Collected data entries

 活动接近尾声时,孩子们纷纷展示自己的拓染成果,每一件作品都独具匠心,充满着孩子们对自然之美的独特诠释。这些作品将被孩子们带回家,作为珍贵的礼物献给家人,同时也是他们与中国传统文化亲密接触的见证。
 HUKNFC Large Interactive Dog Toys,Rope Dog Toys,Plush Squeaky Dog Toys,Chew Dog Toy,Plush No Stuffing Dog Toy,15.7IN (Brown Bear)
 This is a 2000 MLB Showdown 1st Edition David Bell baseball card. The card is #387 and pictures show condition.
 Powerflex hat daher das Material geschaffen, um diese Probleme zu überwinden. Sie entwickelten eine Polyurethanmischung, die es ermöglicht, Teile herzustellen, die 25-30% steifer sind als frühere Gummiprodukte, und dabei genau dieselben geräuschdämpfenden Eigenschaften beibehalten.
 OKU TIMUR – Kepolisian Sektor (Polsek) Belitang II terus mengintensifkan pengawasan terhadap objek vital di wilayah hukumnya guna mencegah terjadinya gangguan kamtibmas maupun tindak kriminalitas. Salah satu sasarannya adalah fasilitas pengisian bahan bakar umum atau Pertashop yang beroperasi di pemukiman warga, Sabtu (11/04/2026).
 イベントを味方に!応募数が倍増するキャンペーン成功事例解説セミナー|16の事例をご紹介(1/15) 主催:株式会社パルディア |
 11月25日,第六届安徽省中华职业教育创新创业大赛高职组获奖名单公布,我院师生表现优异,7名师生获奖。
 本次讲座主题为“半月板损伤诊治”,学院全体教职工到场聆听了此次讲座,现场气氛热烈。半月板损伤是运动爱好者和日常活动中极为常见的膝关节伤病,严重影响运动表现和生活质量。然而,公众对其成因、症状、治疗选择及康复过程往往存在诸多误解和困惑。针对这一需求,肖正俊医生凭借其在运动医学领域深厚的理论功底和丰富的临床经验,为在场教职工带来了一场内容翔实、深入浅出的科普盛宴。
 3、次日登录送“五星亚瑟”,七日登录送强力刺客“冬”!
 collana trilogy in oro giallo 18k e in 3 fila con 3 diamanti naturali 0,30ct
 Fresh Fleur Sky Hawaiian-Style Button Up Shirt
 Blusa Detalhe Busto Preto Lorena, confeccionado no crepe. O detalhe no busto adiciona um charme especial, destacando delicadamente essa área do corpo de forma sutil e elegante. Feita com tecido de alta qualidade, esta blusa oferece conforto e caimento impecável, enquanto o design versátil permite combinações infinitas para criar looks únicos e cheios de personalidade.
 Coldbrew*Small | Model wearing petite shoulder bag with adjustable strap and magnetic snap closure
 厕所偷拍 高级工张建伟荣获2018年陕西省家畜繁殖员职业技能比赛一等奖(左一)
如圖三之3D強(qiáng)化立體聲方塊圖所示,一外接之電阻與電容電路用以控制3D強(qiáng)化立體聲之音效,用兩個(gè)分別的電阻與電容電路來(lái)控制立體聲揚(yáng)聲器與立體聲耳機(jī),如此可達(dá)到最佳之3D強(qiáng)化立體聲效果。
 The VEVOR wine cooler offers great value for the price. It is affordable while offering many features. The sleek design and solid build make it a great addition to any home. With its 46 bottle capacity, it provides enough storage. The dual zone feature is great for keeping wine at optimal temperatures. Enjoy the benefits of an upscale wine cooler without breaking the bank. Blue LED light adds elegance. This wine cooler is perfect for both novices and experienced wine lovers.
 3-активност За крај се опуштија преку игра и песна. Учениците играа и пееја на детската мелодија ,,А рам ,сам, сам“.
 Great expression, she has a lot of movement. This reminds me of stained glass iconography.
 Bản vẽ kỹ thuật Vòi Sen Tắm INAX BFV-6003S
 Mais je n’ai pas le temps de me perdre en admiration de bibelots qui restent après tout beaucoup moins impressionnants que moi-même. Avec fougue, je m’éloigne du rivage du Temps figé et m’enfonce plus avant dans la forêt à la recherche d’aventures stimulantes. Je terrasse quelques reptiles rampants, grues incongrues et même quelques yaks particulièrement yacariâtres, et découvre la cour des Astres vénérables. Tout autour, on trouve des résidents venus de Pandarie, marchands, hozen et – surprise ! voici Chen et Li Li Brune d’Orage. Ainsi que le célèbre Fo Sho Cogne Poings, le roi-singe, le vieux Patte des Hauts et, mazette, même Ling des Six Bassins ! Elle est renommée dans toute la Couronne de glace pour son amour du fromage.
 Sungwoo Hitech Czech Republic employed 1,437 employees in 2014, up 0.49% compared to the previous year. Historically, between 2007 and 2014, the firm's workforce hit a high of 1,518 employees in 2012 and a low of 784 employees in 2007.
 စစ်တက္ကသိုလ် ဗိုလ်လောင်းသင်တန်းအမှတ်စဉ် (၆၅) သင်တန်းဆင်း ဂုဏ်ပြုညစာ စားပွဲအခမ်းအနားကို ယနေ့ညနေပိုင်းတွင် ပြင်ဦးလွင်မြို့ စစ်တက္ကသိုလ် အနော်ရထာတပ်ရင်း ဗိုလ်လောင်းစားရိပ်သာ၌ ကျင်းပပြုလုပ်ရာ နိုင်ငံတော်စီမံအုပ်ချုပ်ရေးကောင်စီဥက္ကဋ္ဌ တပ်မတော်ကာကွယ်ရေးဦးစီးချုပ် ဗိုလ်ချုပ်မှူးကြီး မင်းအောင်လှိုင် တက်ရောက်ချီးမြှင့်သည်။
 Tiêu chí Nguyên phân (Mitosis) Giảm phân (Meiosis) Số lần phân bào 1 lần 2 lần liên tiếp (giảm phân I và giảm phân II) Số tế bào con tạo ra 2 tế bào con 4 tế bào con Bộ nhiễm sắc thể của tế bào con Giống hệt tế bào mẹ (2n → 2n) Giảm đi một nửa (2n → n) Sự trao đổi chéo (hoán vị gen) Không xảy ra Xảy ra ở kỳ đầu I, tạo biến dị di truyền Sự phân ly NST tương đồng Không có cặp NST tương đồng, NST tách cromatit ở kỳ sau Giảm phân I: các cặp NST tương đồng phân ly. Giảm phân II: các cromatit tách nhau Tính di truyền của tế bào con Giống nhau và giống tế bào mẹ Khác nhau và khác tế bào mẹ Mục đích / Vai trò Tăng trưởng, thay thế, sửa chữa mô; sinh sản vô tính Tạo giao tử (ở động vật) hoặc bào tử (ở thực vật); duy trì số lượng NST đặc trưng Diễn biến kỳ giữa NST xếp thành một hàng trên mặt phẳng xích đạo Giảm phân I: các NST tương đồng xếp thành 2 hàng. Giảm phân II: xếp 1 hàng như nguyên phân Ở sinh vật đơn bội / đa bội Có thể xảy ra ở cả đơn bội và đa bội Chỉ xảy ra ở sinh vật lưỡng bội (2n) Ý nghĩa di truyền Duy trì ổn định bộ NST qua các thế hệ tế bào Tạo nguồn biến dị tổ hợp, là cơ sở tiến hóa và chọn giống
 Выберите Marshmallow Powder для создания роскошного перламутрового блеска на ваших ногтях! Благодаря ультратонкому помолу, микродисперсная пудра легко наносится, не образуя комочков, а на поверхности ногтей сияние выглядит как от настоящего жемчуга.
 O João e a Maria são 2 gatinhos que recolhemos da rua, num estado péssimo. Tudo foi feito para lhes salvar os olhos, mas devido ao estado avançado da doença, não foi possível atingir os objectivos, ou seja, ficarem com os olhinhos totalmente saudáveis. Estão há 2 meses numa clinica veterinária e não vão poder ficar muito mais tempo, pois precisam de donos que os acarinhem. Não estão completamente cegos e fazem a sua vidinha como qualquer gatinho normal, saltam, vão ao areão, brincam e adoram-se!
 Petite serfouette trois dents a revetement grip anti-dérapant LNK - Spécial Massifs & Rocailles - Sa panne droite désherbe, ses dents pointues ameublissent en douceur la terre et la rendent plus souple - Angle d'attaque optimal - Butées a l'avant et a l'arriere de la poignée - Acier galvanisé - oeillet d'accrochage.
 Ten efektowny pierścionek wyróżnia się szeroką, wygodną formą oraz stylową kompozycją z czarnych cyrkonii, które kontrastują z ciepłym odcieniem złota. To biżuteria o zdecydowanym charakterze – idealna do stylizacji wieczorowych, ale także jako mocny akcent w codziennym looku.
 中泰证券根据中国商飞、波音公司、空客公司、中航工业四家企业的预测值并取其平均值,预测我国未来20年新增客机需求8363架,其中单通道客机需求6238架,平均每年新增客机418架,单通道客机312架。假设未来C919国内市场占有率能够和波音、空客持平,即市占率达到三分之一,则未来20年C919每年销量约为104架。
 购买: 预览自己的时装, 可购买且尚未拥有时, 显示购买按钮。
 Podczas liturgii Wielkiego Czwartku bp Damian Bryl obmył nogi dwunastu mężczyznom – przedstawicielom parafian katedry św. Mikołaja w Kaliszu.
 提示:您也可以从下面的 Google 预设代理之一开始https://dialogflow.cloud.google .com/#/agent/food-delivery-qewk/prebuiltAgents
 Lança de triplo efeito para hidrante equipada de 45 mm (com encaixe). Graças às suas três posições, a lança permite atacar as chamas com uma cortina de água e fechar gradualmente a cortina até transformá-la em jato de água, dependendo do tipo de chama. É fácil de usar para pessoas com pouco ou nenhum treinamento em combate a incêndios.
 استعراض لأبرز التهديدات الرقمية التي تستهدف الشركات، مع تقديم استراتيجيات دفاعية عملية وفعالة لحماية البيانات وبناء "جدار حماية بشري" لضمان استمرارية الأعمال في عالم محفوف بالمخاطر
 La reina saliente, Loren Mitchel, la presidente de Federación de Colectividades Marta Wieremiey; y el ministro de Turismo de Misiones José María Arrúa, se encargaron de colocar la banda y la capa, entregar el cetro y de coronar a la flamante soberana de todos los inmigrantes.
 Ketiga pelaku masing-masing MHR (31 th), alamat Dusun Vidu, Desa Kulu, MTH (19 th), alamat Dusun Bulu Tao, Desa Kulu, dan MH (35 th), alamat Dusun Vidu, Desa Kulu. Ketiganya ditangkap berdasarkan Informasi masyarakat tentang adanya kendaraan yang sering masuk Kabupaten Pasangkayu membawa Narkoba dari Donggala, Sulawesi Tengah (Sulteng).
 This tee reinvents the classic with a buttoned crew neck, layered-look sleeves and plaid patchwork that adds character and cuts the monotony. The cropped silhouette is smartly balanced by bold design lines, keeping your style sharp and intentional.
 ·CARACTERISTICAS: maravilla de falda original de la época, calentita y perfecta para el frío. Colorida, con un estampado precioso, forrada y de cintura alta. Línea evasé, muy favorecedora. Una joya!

**Directions for this task**
The response must consist solely of the lines from the top of the records through the line holding "Powerflex hat daher", copied word for word.

**Your response**
 活动接近尾声时,孩子们纷纷展示自己的拓染成果,每一件作品都独具匠心,充满着孩子们对自然之美的独特诠释。这些作品将被孩子们带回家,作为珍贵的礼物献给家人,同时也是他们与中国传统文化亲密接触的见证。
 HUKNFC Large Interactive Dog Toys,Rope Dog Toys,Plush Squeaky Dog Toys,Chew Dog Toy,Plush No Stuffing Dog Toy,15.7IN (Brown Bear)
 This is a 2000 MLB Showdown 1st Edition David Bell baseball card. The card is #387 and pictures show condition.
 Powerflex hat daher das Material geschaffen, um diese Probleme zu überwinden. Sie entwickelten eine Polyurethanmischung, die es ermöglicht, Teile herzustellen, die 25-30% steifer sind als frühere Gummiprodukte, und dabei genau dieselben geräuschdämpfenden Eigenschaften beibehalten.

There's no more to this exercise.